[Dataset entries]
..........

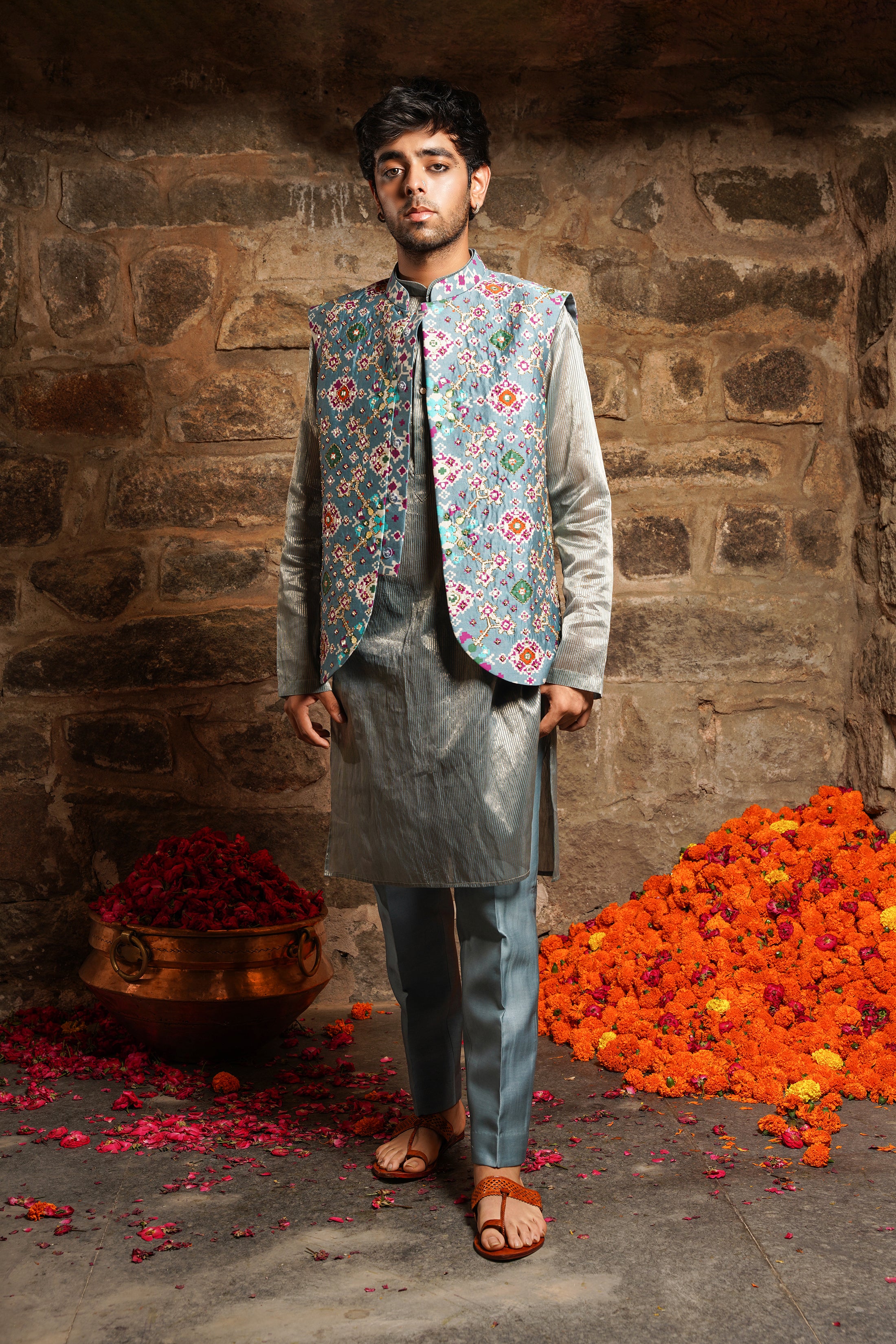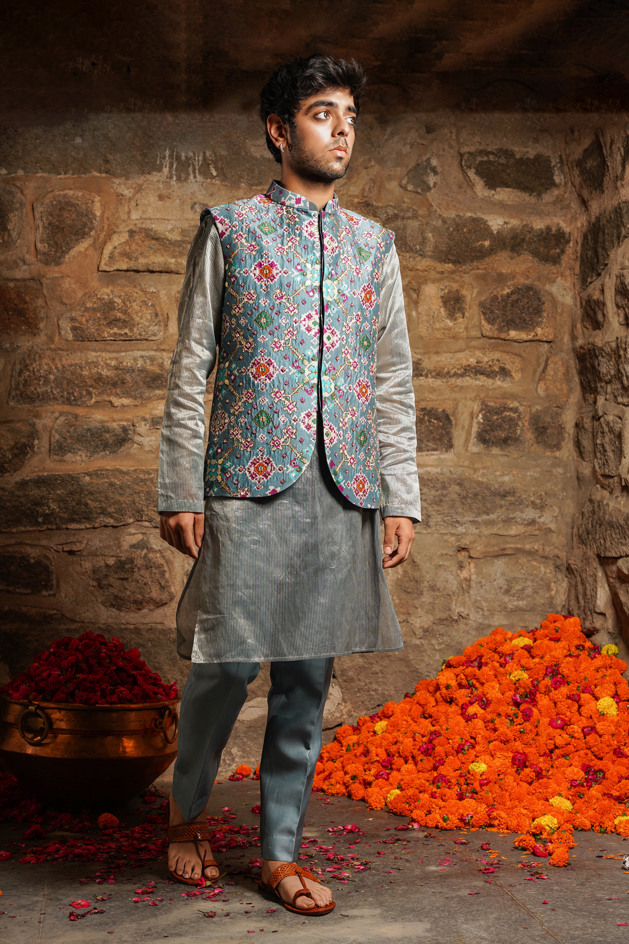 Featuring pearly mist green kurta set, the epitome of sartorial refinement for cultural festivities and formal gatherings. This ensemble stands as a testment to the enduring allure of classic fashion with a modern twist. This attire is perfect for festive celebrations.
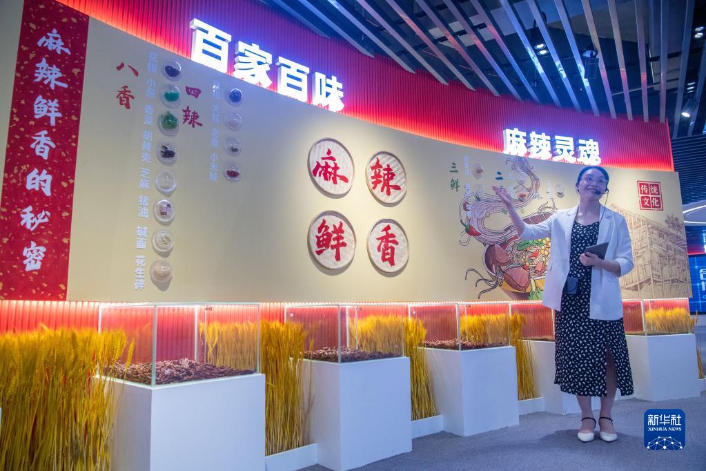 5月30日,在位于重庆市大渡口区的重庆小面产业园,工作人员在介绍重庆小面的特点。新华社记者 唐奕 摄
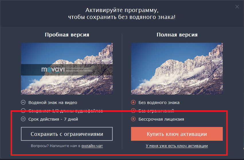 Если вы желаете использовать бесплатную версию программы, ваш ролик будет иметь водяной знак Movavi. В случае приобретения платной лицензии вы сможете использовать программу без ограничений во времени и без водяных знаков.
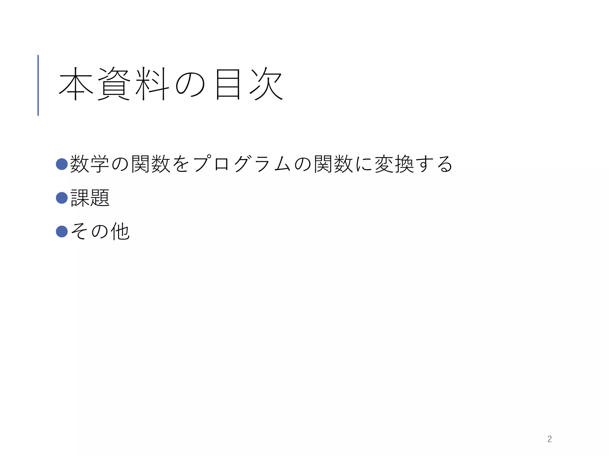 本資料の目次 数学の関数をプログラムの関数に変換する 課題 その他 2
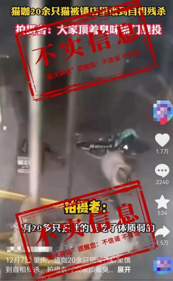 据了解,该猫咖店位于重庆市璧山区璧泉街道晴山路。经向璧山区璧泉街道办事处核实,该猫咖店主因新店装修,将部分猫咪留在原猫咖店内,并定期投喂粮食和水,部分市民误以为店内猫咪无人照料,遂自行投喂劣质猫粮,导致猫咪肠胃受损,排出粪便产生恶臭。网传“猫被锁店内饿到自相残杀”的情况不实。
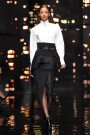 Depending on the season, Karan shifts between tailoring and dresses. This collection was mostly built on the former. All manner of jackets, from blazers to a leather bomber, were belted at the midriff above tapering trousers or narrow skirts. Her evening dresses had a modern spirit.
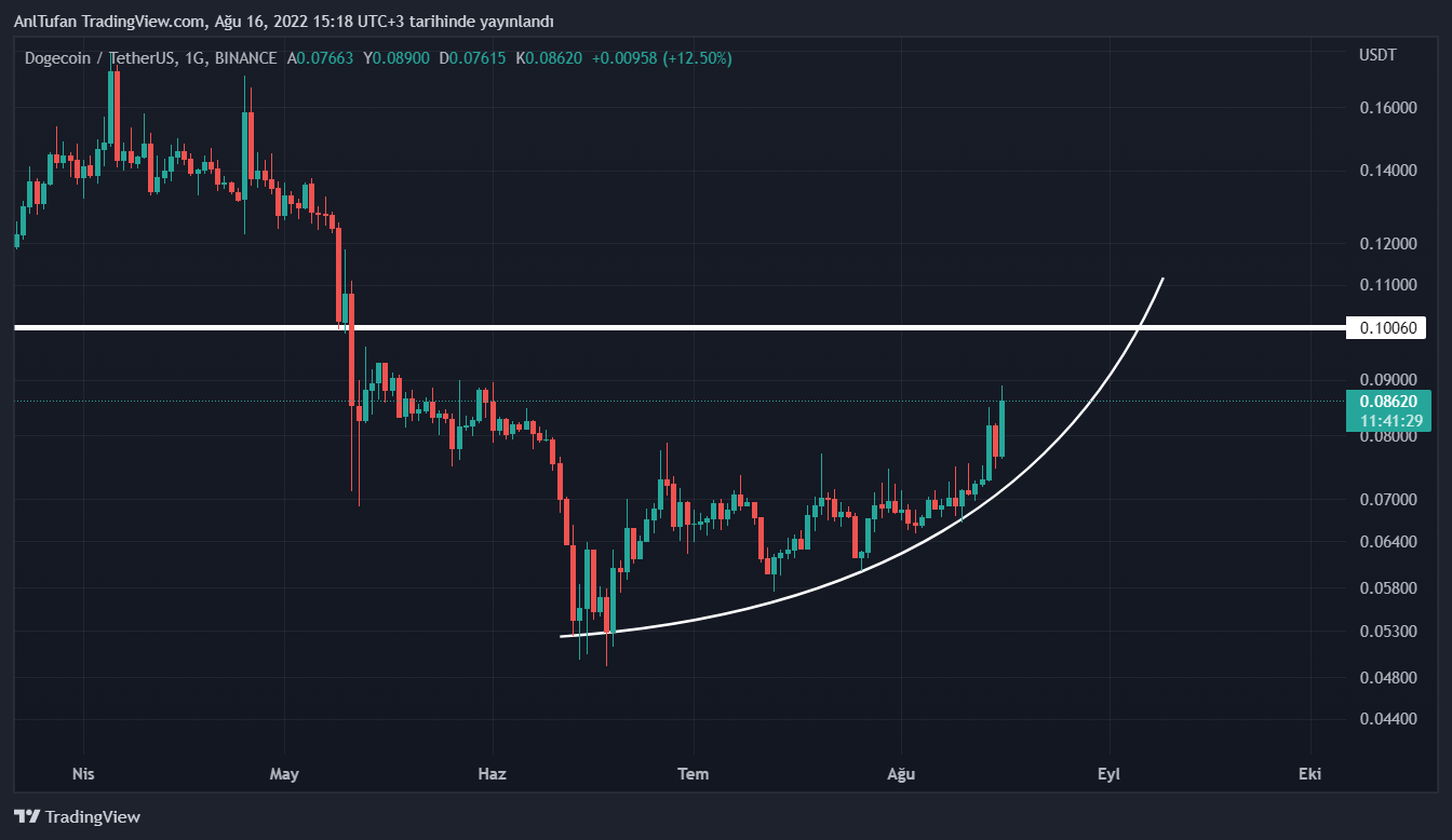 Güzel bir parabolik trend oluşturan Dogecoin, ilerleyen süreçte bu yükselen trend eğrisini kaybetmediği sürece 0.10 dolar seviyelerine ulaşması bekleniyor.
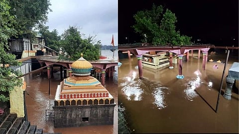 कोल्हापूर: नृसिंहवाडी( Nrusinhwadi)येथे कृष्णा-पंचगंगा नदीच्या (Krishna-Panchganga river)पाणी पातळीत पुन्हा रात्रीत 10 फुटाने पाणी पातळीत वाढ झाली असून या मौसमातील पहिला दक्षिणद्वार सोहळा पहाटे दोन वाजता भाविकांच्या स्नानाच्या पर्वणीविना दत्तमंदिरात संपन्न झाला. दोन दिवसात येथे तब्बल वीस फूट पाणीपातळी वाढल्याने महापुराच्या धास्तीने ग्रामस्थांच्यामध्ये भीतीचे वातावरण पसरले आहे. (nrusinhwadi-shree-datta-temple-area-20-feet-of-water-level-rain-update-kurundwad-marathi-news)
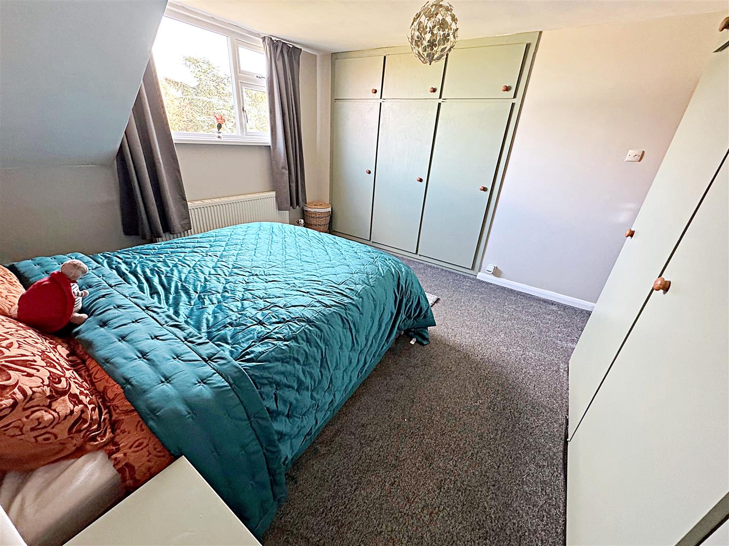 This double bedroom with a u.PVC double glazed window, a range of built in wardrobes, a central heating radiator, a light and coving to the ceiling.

..........

**To do:** Print exactly the lines above that run from the one with "据了解,该猫咖店位于重庆市璧" down to the one with "Güzel bir parabolik", and omit the pictures.

**Completed exercise:**
 据了解,该猫咖店位于重庆市璧山区璧泉街道晴山路。经向璧山区璧泉街道办事处核实,该猫咖店主因新店装修,将部分猫咪留在原猫咖店内,并定期投喂粮食和水,部分市民误以为店内猫咪无人照料,遂自行投喂劣质猫粮,导致猫咪肠胃受损,排出粪便产生恶臭。网传“猫被锁店内饿到自相残杀”的情况不实。
 Depending on the season, Karan shifts between tailoring and dresses. This collection was mostly built on the former. All manner of jackets, from blazers to a leather bomber, were belted at the midriff above tapering trousers or narrow skirts. Her evening dresses had a modern spirit.
 Güzel bir parabolik trend oluşturan Dogecoin, ilerleyen süreçte bu yükselen trend eğrisini kaybetmediği sürece 0.10 dolar seviyelerine ulaşması bekleniyor.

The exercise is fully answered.